#### Task brief:
Pictures do not belong in the copy. Output exactly the lines from the one containing "(AP=연합뉴스 자료사진) |" to the end of the listing below.

#### Stored data:
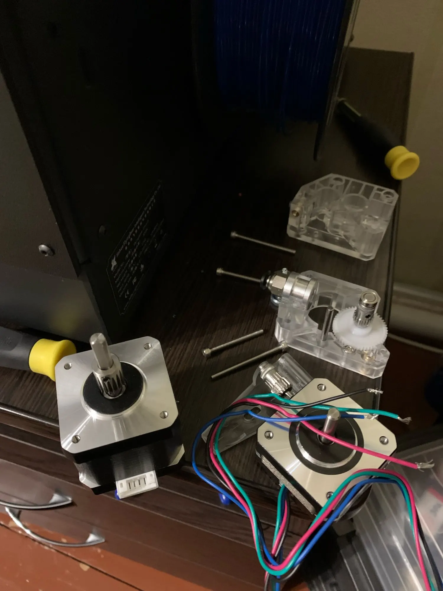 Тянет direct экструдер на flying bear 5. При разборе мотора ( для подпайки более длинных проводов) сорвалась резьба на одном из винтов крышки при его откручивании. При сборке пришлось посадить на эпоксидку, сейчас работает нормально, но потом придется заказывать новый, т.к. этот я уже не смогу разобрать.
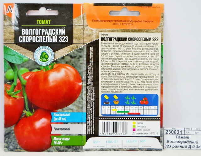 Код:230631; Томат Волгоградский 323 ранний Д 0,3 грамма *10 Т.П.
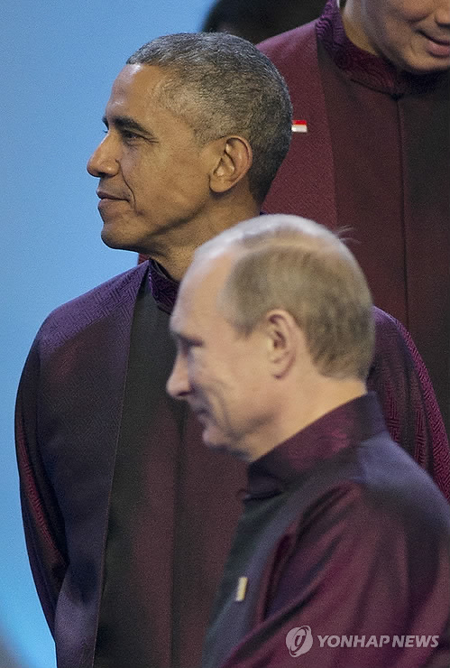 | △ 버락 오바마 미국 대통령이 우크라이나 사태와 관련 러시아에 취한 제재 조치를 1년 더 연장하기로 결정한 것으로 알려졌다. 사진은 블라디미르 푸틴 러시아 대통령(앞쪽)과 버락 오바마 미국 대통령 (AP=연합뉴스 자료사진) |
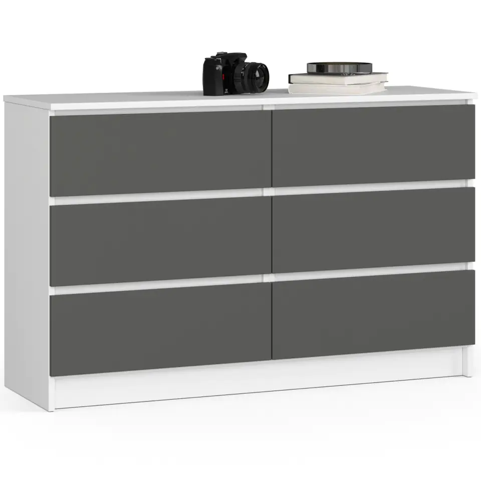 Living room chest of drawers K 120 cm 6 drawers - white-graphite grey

#### Expected answer:
 | △ 버락 오바마 미국 대통령이 우크라이나 사태와 관련 러시아에 취한 제재 조치를 1년 더 연장하기로 결정한 것으로 알려졌다. 사진은 블라디미르 푸틴 러시아 대통령(앞쪽)과 버락 오바마 미국 대통령 (AP=연합뉴스 자료사진) |
 Living room chest of drawers K 120 cm 6 drawers - white-graphite grey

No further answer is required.